The SynthLink Catalog is a collection of complex, multi-hop questions designed for testing deep search / deep research systems. It is split into categories, each in a separate Markdown file:
- Historical Impact Analysis
- Economic and Industrial Shifts
- Environmental and Ecological Consequences
- Scientific and Technological Evolution
- Policy and Social Movements
- STEM and Future Tech
The SynthLink Catalog evaluates deep search responses using a scoring system that measures answer accuracy, source relevance, reasoning quality, fact-checking, and search efficiency.
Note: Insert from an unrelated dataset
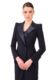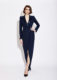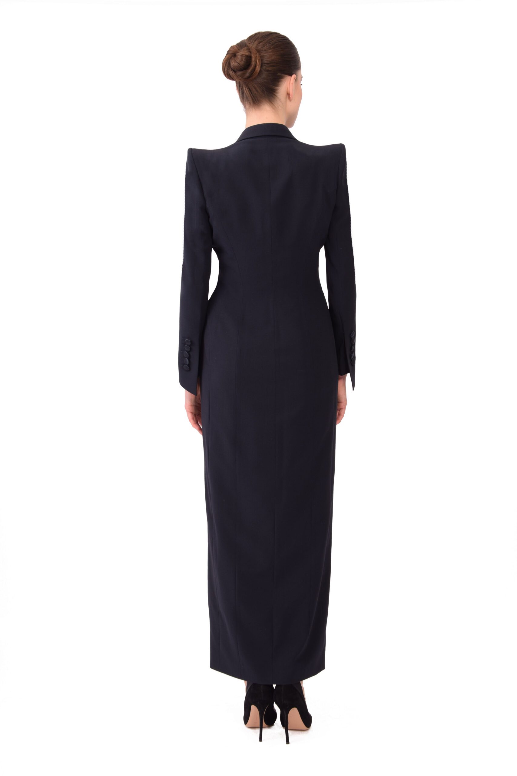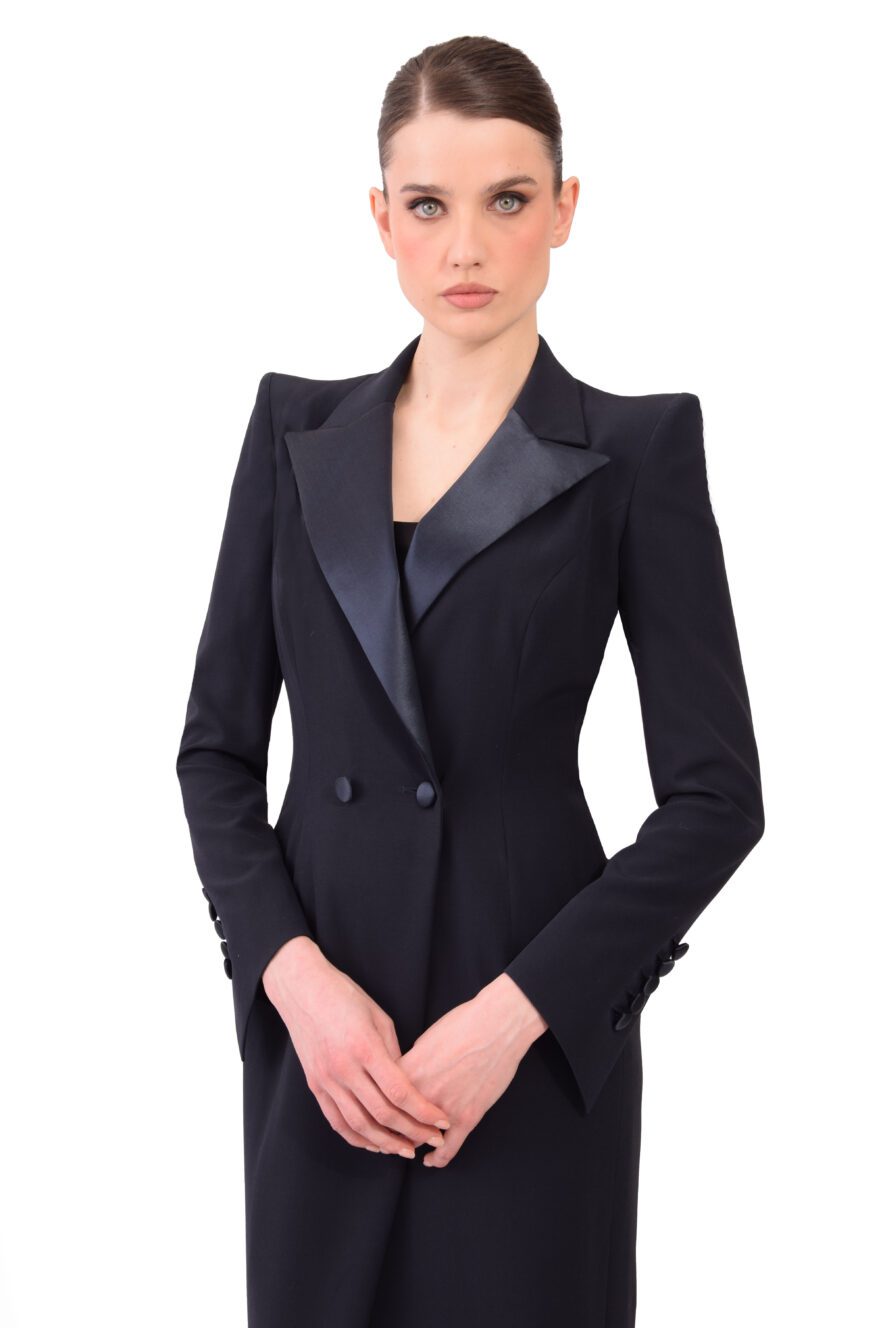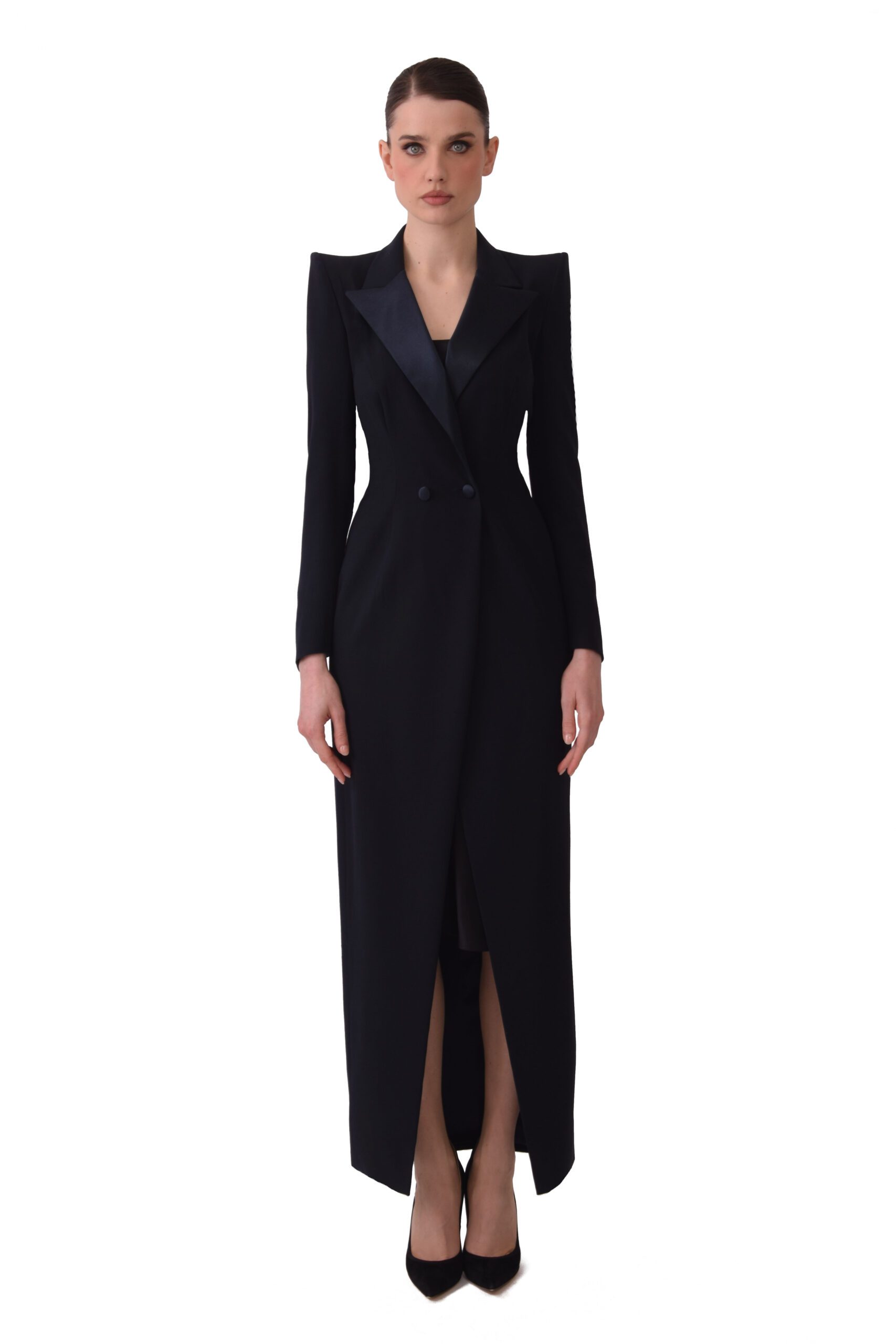 A modern take on the classic tuxedo, the Veronique evening gown is slashed seductively at the knee. Sharply tailored in deep navy wool, this elegant evening column has contrasting silk, satin lapels and covered buttons.

Each question is scored on five metrics:
- F1 Score: Checks how well the answer matches the expected summary.
- Precision@5 (P@5): Measures relevance of the top 5 retrieved sources.
- Reasoning Quality Score (RQS): Assesses if all reasoning steps are covered.
- Fact-Checking Score (FCS): Ensures answers are verifiable, avoiding false claims.
- Iterative Efficiency (IE): Evaluates how quickly the correct answer is found.
Scores are combined into an aggregate score (0–1) with weights emphasizing accuracy and reasoning. For details, see SynthLink_Scoring_System.md. Run scripts/score_synthlink.py
to compute scores automatically.
The SynthLink Catalog scores deep search responses on five metrics: answer accuracy (F1), source relevance (P@5), reasoning quality (RQS), fact-checking (FCS), and efficiency (IE).
A great score is ~0.85, indicating excellent performance. See SynthLink_Scoring_System.md and SynthLink_Scoring_Methodology.md. Run scripts/score_synthlink.py
to compute scores.